■ **WORK TO BE COMPLETED**:
This task asks for the lines from the one with "In The Style" to the final line below, repeated exactly, with pictures omitted.

■ **MATERIALS PROVIDED**:
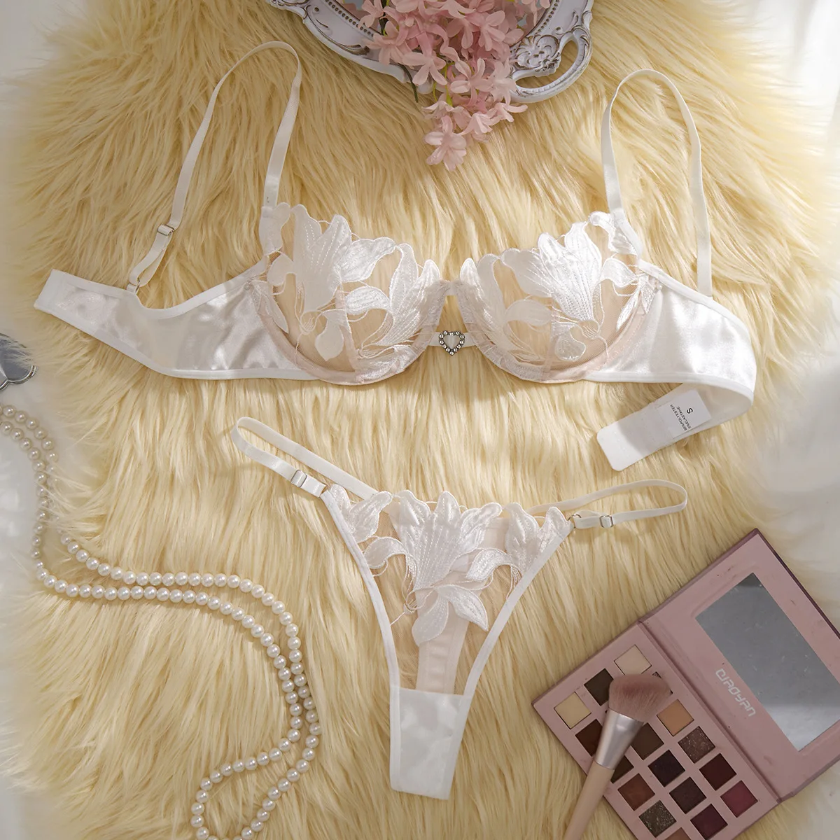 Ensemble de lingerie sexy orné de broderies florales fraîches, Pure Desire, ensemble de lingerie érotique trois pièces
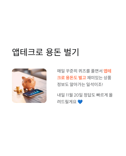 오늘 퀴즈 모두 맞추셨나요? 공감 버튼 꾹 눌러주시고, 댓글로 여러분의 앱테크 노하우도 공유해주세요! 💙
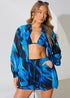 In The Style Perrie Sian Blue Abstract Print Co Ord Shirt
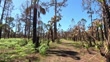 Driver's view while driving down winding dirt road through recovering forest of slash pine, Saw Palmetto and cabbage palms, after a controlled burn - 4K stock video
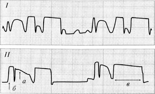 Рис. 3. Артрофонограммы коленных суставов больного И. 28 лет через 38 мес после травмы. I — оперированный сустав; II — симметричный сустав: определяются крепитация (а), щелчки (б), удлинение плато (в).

■ **ANSWER BELOW**:
 In The Style Perrie Sian Blue Abstract Print Co Ord Shirt
 Driver's view while driving down winding dirt road through recovering forest of slash pine, Saw Palmetto and cabbage palms, after a controlled burn - 4K stock video
 Рис. 3. Артрофонограммы коленных суставов больного И. 28 лет через 38 мес после травмы. I — оперированный сустав; II — симметричный сустав: определяются крепитация (а), щелчки (б), удлинение плато (в).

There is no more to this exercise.